Your task: Leave out every picture and set down, exactly, the lines below from the one holding "Chicken Coop with" up to and including the one holding "Folding Dining Table".
-- Data shown follows --
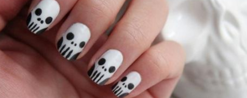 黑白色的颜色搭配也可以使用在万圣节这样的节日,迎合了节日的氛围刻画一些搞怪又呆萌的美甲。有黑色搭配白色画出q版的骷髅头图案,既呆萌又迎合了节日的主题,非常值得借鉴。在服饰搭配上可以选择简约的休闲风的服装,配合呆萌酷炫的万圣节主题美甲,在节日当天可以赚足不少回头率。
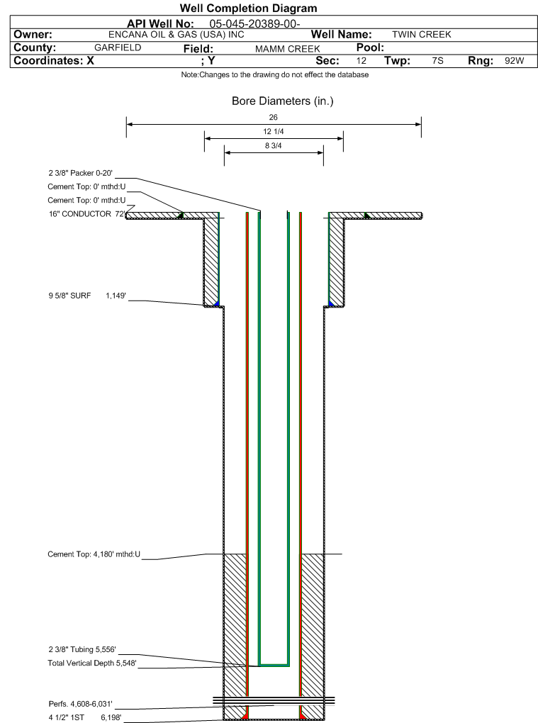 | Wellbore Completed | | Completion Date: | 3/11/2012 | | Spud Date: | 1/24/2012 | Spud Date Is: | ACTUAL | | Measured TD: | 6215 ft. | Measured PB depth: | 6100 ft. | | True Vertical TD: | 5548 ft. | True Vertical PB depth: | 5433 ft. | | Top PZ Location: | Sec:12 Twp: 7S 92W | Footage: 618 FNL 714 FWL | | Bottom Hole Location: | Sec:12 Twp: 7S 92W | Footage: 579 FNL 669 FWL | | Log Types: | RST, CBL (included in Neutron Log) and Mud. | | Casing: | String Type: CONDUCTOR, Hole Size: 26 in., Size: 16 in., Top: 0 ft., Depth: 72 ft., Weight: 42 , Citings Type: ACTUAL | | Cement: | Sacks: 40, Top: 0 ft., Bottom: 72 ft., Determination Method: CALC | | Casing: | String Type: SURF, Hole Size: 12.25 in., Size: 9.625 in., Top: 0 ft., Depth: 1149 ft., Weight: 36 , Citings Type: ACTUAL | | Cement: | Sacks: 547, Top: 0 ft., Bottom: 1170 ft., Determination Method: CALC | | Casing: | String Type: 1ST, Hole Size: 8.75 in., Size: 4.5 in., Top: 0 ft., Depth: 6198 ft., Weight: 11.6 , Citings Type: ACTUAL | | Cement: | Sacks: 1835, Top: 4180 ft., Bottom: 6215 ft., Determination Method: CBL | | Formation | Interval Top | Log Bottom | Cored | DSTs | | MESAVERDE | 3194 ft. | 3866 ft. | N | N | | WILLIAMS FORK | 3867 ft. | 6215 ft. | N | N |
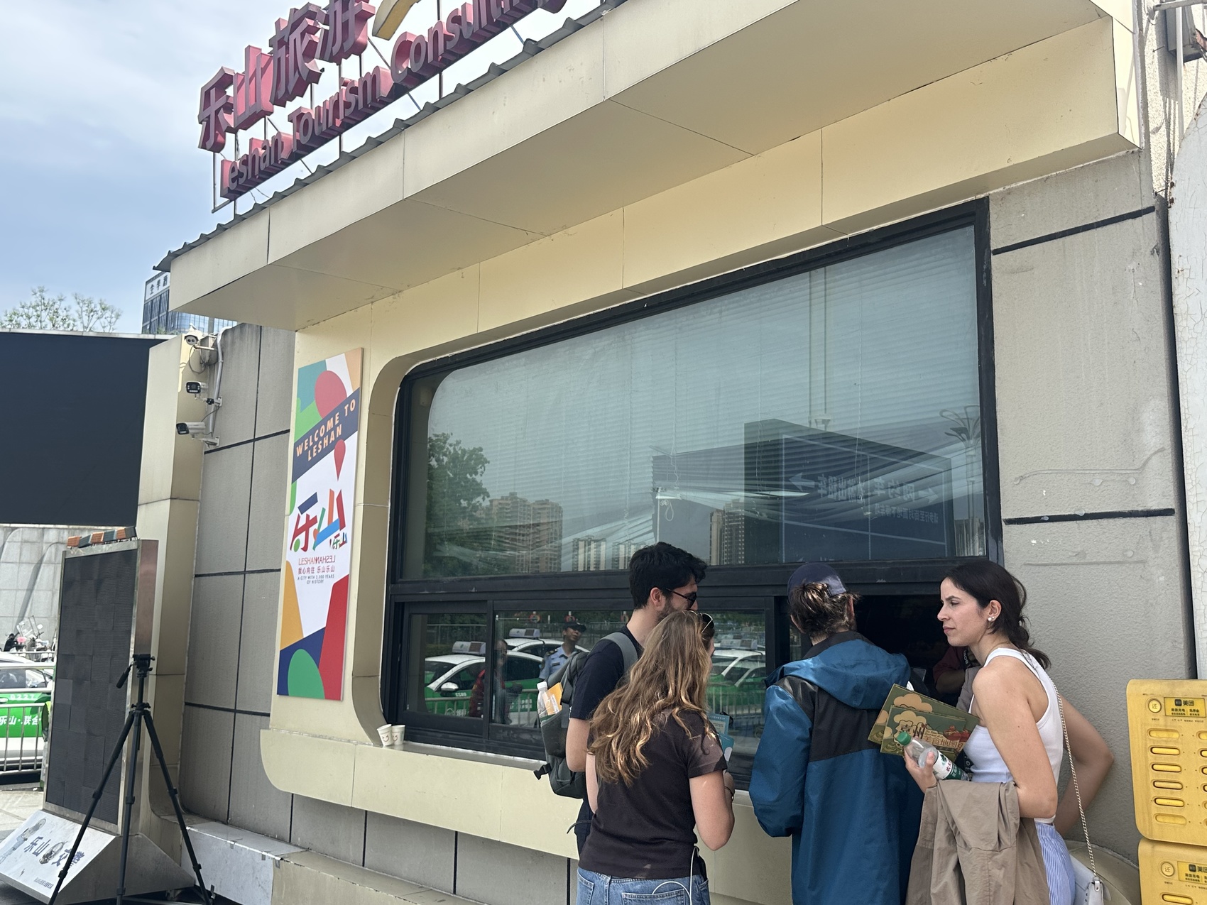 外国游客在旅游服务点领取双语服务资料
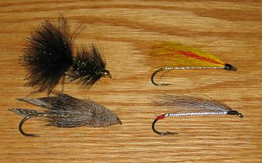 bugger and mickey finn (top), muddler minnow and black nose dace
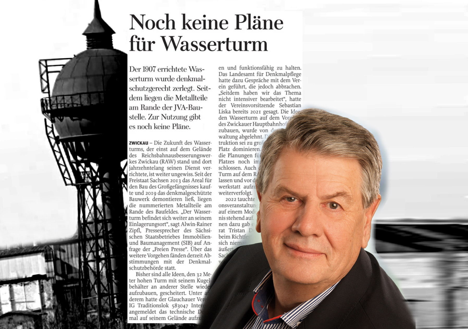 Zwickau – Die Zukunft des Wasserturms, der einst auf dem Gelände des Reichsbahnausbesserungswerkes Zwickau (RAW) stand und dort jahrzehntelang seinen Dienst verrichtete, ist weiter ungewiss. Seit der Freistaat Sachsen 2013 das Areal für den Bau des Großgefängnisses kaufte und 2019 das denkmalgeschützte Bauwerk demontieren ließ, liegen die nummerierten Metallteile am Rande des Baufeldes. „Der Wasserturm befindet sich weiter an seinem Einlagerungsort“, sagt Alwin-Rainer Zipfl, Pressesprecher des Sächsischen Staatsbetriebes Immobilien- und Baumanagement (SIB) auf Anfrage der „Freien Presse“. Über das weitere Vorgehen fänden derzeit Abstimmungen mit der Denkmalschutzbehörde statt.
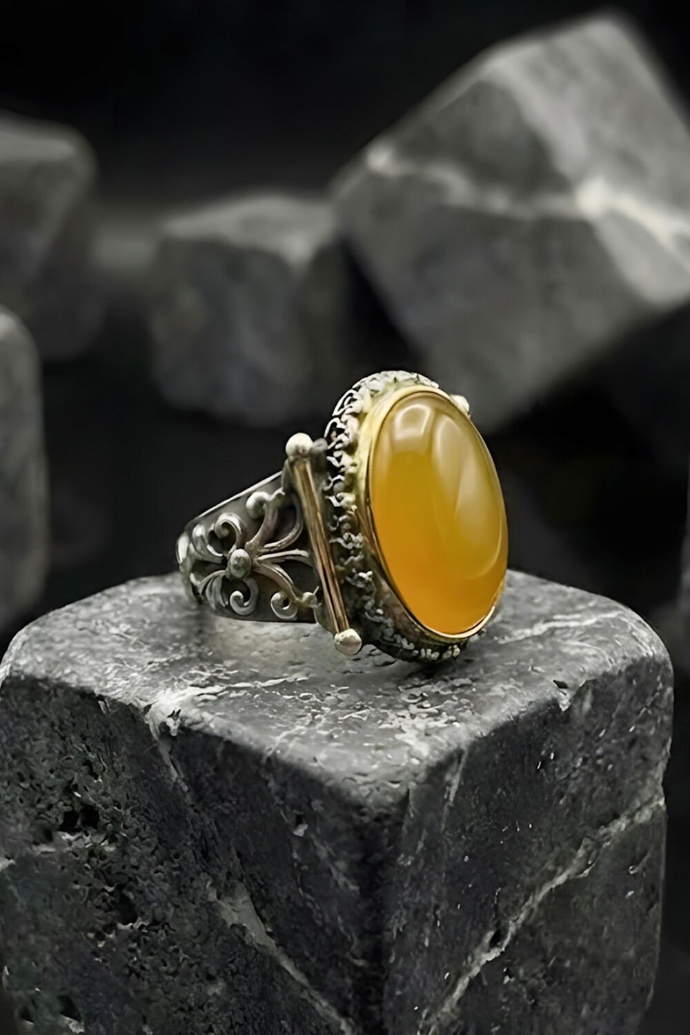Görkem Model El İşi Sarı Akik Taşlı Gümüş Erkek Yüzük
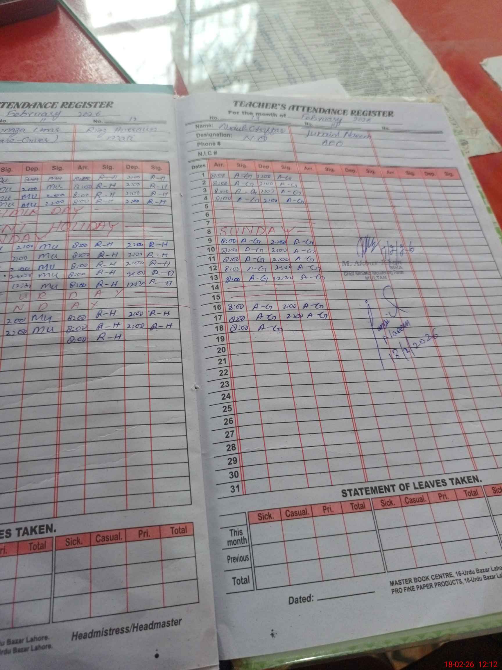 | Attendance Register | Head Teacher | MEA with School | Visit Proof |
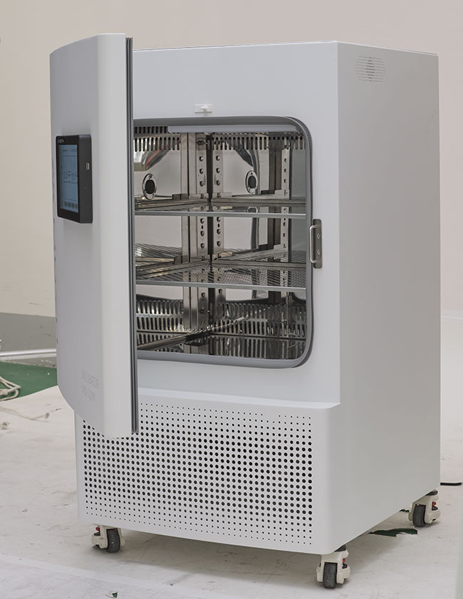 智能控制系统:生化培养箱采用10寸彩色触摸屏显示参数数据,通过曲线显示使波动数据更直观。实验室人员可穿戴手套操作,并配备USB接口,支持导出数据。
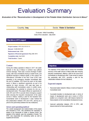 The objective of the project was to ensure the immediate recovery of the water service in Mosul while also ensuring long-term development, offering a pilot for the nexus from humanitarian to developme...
-- Data shown concluded --
-- Data shown follows --
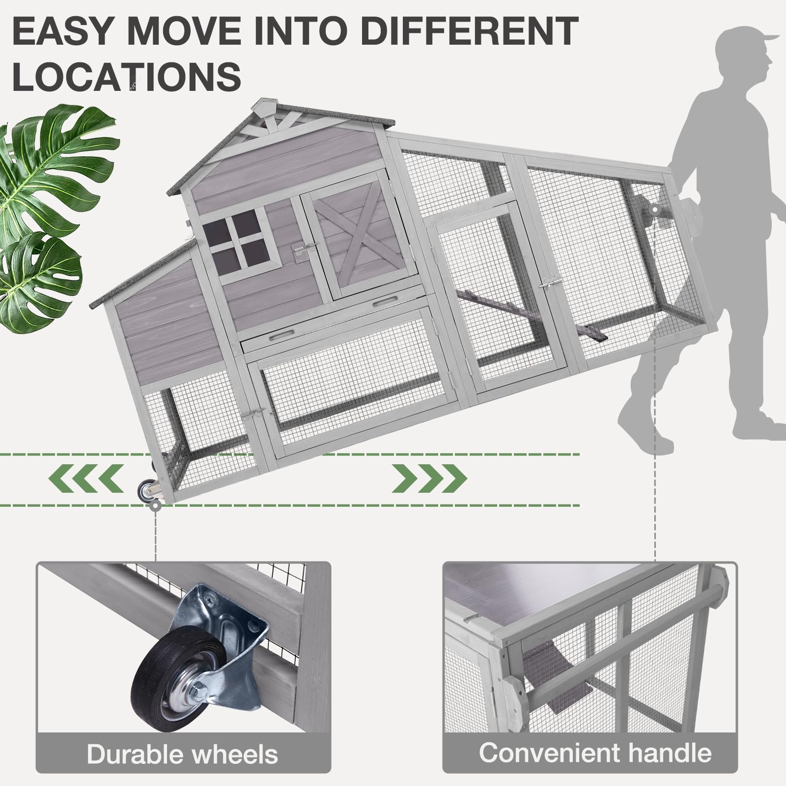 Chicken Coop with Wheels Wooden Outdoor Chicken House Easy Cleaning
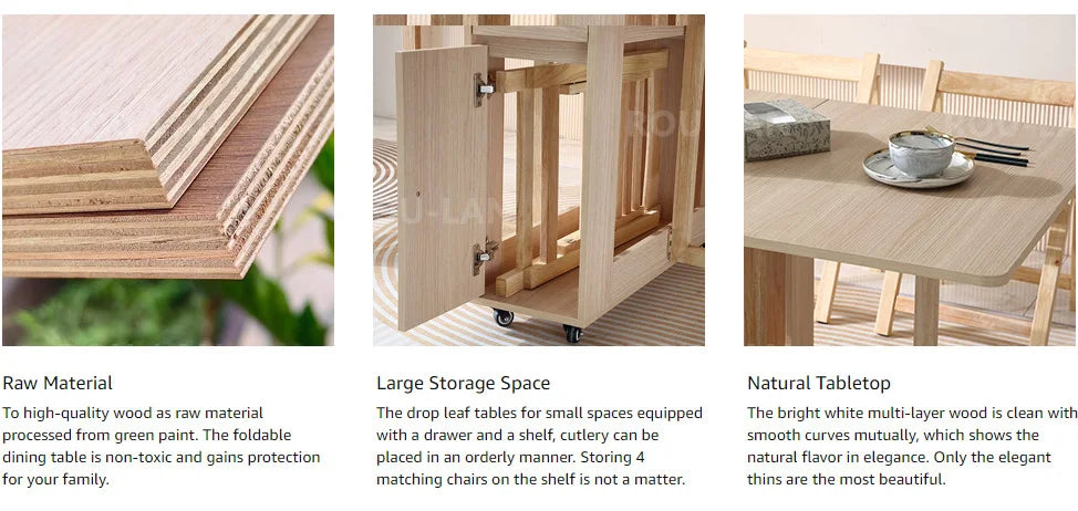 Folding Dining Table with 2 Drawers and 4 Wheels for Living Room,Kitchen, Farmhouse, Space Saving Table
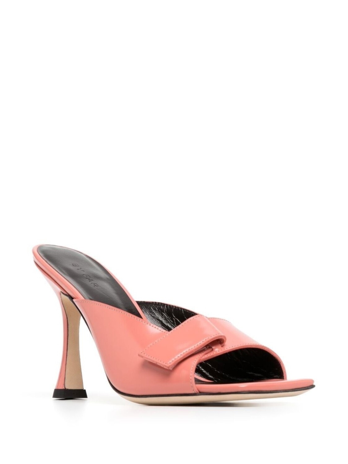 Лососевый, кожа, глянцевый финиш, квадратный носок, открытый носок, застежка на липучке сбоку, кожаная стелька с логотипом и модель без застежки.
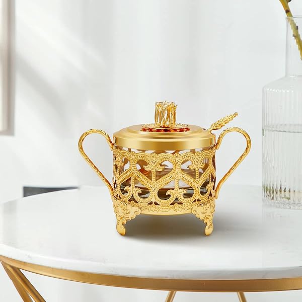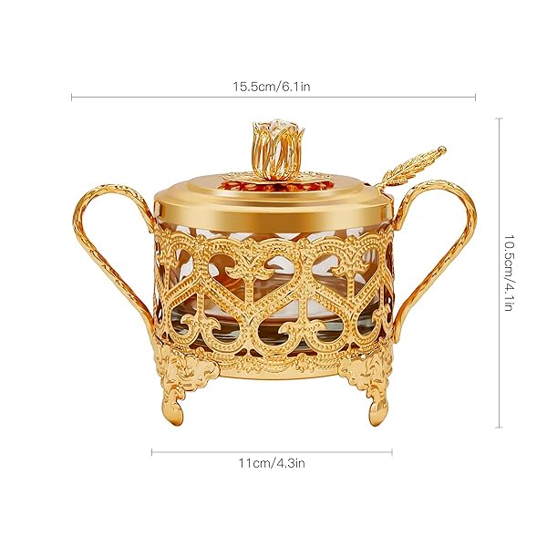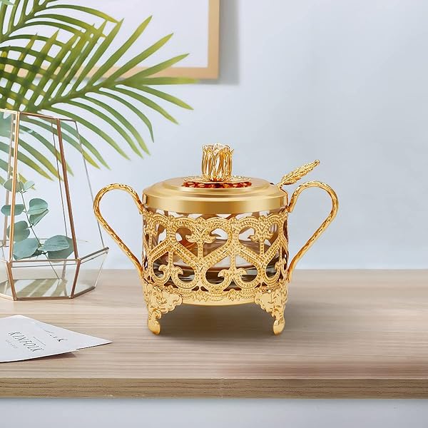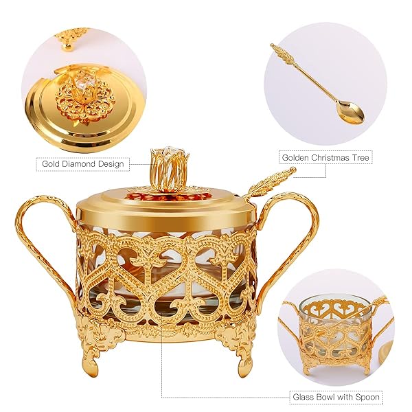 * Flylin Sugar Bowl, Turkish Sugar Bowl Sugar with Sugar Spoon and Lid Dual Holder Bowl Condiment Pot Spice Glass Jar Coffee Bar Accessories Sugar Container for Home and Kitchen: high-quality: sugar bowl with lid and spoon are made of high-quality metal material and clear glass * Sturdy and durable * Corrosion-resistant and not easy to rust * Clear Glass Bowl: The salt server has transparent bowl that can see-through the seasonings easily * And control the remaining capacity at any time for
-- Data shown concluded --
-- Data shown follows --
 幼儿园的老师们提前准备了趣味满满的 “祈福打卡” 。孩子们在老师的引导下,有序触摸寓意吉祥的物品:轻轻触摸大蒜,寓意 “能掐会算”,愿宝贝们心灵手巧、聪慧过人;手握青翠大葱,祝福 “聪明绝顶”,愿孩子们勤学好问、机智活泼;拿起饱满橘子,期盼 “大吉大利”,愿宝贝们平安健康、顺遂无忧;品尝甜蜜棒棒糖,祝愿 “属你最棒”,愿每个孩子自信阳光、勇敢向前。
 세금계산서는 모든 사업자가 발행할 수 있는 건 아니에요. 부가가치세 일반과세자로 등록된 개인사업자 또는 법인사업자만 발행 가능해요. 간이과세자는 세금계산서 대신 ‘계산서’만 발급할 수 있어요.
-- Data shown concluded --
Answer box:
 Chicken Coop with Wheels Wooden Outdoor Chicken House Easy Cleaning
 Folding Dining Table with 2 Drawers and 4 Wheels for Living Room,Kitchen, Farmhouse, Space Saving Table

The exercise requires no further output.